Al suo posto, arriva il 50enne Colonnello Cristian Carrozza che vanta un curriculum importante nonostante la giovane età.

Nato a Sulmona il 7 agosto 1968, Il Colonnello Carrozza ha intrapreso la carriera militare il 29 settembre 1984, frequentando la Scuola Militare “Nunziatella“ di Napoli. Dal 1987 al 1992 ha frequentato i corsi dell’Accademia Militare di Modena e della Scuola di Applicazione Carabinieri in Roma.

Laureato in Giurisprudenza ed in Scienze della Sicurezza interna ed esterna, abilitato alla professione di avvocato, ha frequentato, tra l’altro, il corso di Studi Superiori per consulenti Legislativi presso la Scuola di Scienza e Tecnica della Legislazione “Mario D’Antonio”.
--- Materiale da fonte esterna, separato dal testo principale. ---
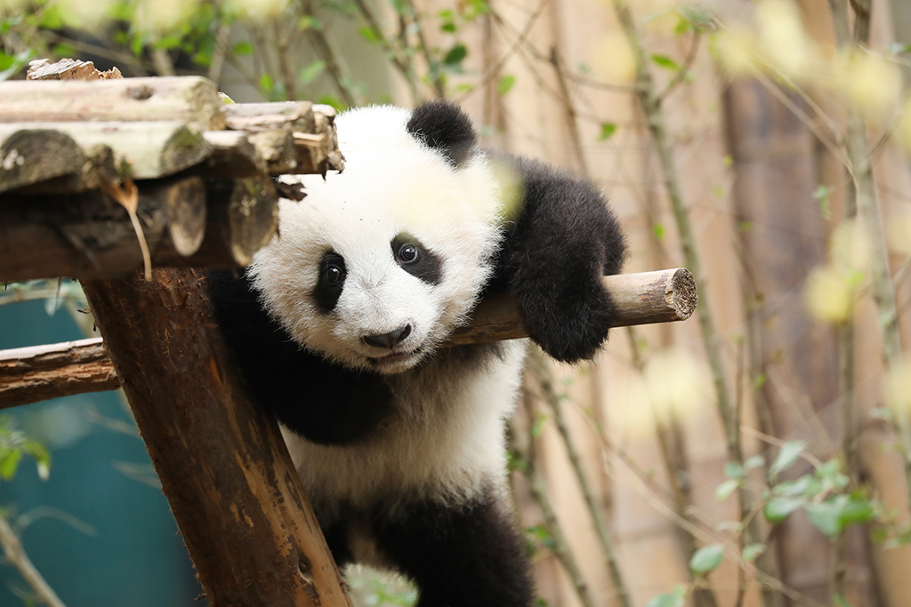 成都:大熊猫萌态可掬惹人喜爱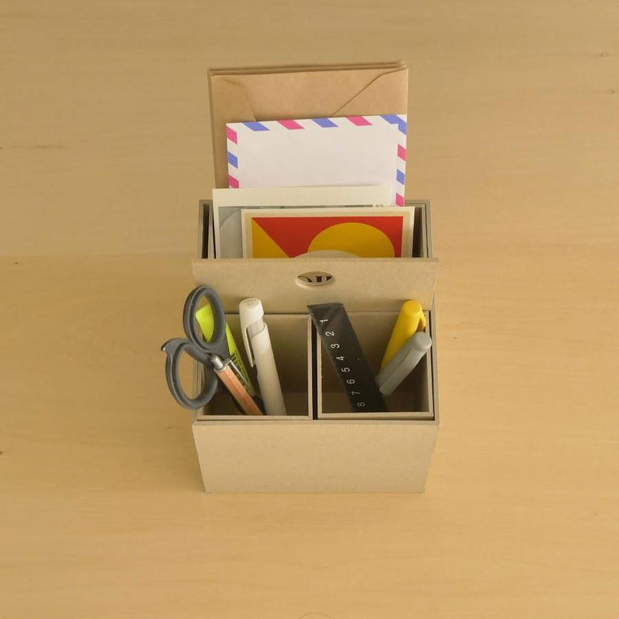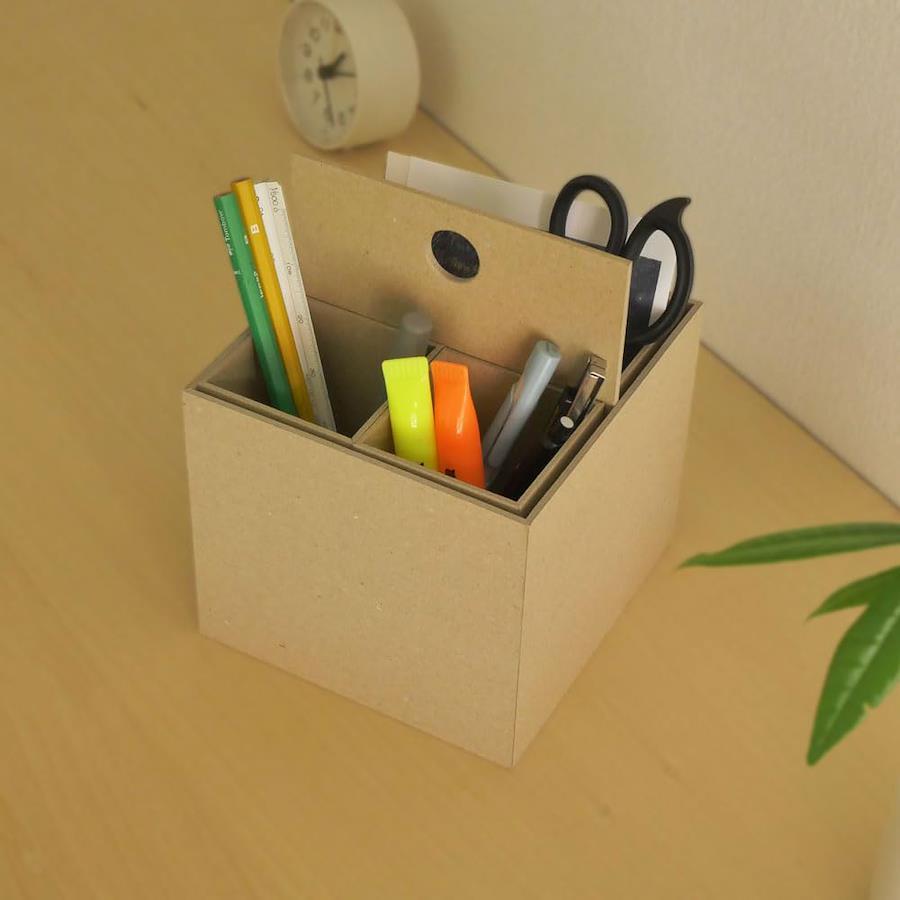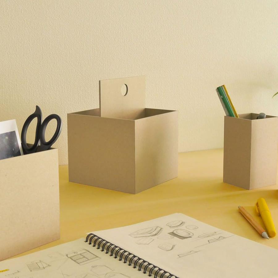 再生紙でつくった卓上収納シリーズ「リトレイ」。エッジのある洗練された美しい卓上用の紙製収納です。●<ハンドルボックスタイプ>指一本で軽々持ち運びできる便利なハンドル付きボックス!【再生紙でつくった卓上収納】retray は、古紙パルプ配合率100% 再生紙を使用した環境にやさしい収納シリーズです。紙の温かみを感じられるクラフト色とモノトーンで落ち着いた印象のライトグレー色の2色展開でインテリアにも馴染みます。●シリーズで揃えて統一感のある収納へ…3アイテム揃えて使用するのもおすすめです。同じ素材感や色、サイズを合わせることで統一感あるすっきりした印象をあたえます。

Il Colonnello Cristian Carrozza, nuovo comandante del Comando Provinciale Carabinieri di Ancona

Da Tenente e Capitano ha maturato significative esperienze di Comando: Comandante di Plotone presso l’11° btg. CC “Puglia”; Comandante del Nucleo Operativo e Radiomobile della Compagnia di Casoria (NA); Comandante delle Compagnie di Este (PD) e Brindisi, con rilevanti impegni nel contrasto alla criminalità comune ed organizzata, nonché sul fronte della lotta al contrabbando e dell’immigrazione clandestina.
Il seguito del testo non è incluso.